● DIRECTIONS:
Beneath this instruction is a listing. Transcribe from it only the stretch from the line with "函館市の恵山から函館の市街地" through the line with "However, negative publicity", both end lines included, exactly as written.
BEGIN MATERIAL SHOWN
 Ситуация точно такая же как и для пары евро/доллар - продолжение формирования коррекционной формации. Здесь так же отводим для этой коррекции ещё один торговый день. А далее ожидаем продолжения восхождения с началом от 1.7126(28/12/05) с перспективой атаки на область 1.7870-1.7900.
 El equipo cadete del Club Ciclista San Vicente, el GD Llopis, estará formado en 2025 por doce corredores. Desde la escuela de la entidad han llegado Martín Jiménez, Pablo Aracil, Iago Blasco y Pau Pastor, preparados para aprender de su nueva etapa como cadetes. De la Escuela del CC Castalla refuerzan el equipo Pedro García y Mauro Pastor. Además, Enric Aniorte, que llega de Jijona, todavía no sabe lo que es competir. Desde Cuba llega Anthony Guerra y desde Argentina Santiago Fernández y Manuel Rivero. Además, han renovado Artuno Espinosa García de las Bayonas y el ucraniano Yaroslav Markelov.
END MATERIAL SHOWN
BEGIN MATERIAL SHOWN
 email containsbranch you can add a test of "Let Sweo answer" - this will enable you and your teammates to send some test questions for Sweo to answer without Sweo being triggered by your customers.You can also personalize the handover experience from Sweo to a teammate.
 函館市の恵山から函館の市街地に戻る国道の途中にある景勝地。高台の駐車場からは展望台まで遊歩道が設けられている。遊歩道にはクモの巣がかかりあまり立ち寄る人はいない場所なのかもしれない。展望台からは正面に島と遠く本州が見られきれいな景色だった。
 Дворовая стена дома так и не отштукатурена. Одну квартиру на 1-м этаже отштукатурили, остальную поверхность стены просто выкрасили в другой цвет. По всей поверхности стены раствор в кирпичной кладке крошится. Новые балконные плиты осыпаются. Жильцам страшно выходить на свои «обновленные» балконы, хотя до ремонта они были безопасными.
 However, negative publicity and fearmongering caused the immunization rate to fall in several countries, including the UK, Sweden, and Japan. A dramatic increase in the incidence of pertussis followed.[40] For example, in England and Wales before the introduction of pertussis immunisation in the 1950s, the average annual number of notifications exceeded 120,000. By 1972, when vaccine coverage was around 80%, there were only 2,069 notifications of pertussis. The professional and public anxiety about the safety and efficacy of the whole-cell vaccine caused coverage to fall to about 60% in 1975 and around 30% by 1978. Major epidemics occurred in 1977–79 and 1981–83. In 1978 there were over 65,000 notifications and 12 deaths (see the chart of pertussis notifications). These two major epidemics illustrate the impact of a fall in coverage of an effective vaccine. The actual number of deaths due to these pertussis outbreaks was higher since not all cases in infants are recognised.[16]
END MATERIAL SHOWN
BEGIN MATERIAL SHOWN
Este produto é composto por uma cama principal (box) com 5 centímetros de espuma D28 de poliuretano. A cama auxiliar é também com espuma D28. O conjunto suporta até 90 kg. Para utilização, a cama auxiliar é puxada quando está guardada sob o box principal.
END MATERIAL SHOWN
● SOLUTION TO THE EXERCISE:
 函館市の恵山から函館の市街地に戻る国道の途中にある景勝地。高台の駐車場からは展望台まで遊歩道が設けられている。遊歩道にはクモの巣がかかりあまり立ち寄る人はいない場所なのかもしれない。展望台からは正面に島と遠く本州が見られきれいな景色だった。
 Дворовая стена дома так и не отштукатурена. Одну квартиру на 1-м этаже отштукатурили, остальную поверхность стены просто выкрасили в другой цвет. По всей поверхности стены раствор в кирпичной кладке крошится. Новые балконные плиты осыпаются. Жильцам страшно выходить на свои «обновленные» балконы, хотя до ремонта они были безопасными.
 However, negative publicity and fearmongering caused the immunization rate to fall in several countries, including the UK, Sweden, and Japan. A dramatic increase in the incidence of pertussis followed.[40] For example, in England and Wales before the introduction of pertussis immunisation in the 1950s, the average annual number of notifications exceeded 120,000. By 1972, when vaccine coverage was around 80%, there were only 2,069 notifications of pertussis. The professional and public anxiety about the safety and efficacy of the whole-cell vaccine caused coverage to fall to about 60% in 1975 and around 30% by 1978. Major epidemics occurred in 1977–79 and 1981–83. In 1978 there were over 65,000 notifications and 12 deaths (see the chart of pertussis notifications). These two major epidemics illustrate the impact of a fall in coverage of an effective vaccine. The actual number of deaths due to these pertussis outbreaks was higher since not all cases in infants are recognised.[16]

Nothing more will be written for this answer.